I agree that the second option seems safer. However, if we change this in libtorch only, I understand there would be API differences between PyTorch and C++: in PyTorch, users would call set_epoch on the sampler object; in libtorch, they would call set_epoch on the data loader object. This seems undesirable. Do you suggest to change this in the Python API, too?

ejguan commented 2 years ago

Thanks for pointing it out. I don't think we want to change the Python API. If that's the case we have to go from the first solution, IIUC. But, we need to take care if BC breaking happens.

alexrenz commented 2 years ago

Then we are on the same page here.

I have one question about the implementation: you can create a data loader with make_data_loader(dataset, sampler, options) and make_data_loader(dataset, options). In the second case, the sampler is created on the fly (see https://github.com/alexrenz/pytorch/blob/c5d204ce3e1465eea838c218611df5153e0b8cbd/torch/csrc/api/include/torch/data/dataloader.h#L48) and it makes sense that the data loader holds the newly created sampler object. I.e., there is a case where the data loader should hold a reference to a sampler and one where it should store the actual sampler object. Do you know an elegant way to implement this?

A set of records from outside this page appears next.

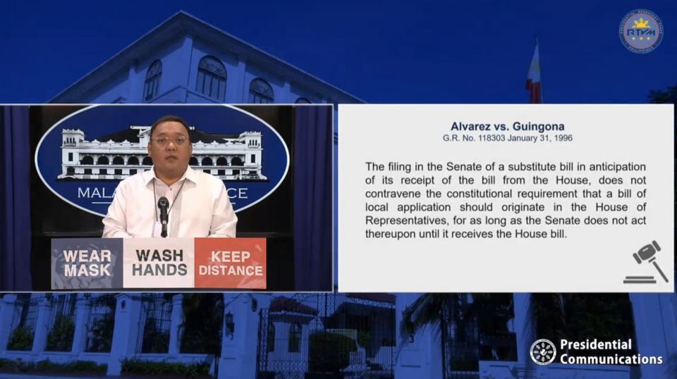 Ulitin ko lang po, hindi po dapat maging dahilan ng pagkaantala ng national budget itong nangyari sa Kamara. Malinaw po ang desisyon ng Tolentino. It is not the law but the revenue bill which is required by the Constitution to originate exclusively in the House of Representatives. Iyong pagsasampa lang po ng panukalang batas, dapat nauna ang pagsasampa sa Kamara de Representante. At dahil ito naman po ay nasunod, wala pong hadlang, para magpatuloy ang deliberation ng Senado sa national budget bill,” Roque explained.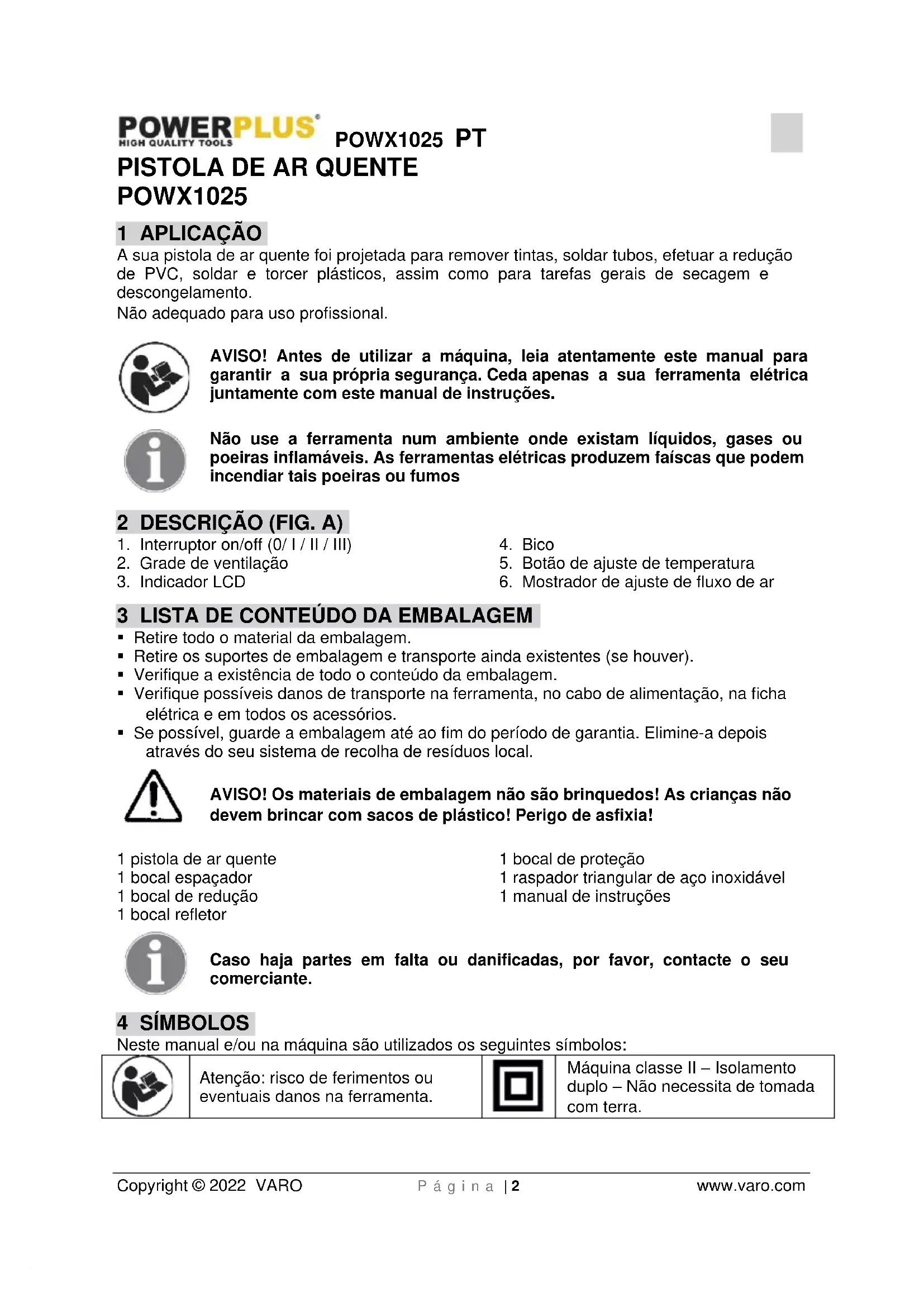 Máquina classe II – Isolamento duplo – Não necessita de tomada com terra.POWX1025 PT Copyright © 2022 VARO P á g i n a | 3 www.varo.com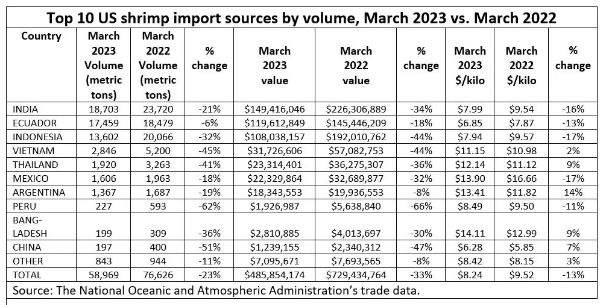 從三月份數據來看,美國蝦類進口量額分別同比下降23%、33%,平均價格同比下跌13%至$8.24/kg,不過進口單價環比上漲1.85%(來源:NOAA)。

ejguan commented 2 years ago

I think providing constructors to accept rvalue reference or lvalue reference would help.

alexrenz commented 2 years ago

Yep, the constructor side is pretty clear. I am wondering about an elegant way for the storage side. Having one Sampler& sampler and one Sampler sampler_owned seems not elegant to me, but might be necessary. That's why I am asking whether you know about an elegant way.

ejguan commented 2 years ago

Emmm. I see. It seems that we are encountering the same problem as tensor. We want to make Sampler object in CPP behave like a pointer (reference) in Python. I don't know if there is a better way to do so. We need own for rvalue but borrow for lvalue. cc: @VitalyFedyunin

ralfriegel5 commented 2 years ago

I followed this discussion as it seems to be closely related to save / load RandomSampler state while training.

The RandomSampler::load / RandomSampler::save cannot be accessed correctly and I suppose this is because of this issue. std::move did not help.

torch::save() and torch::load() are not usable, due to missing << and >> operators.

Thus continuing neural network training, using RandomSampler is not reproducable at the moment in C++.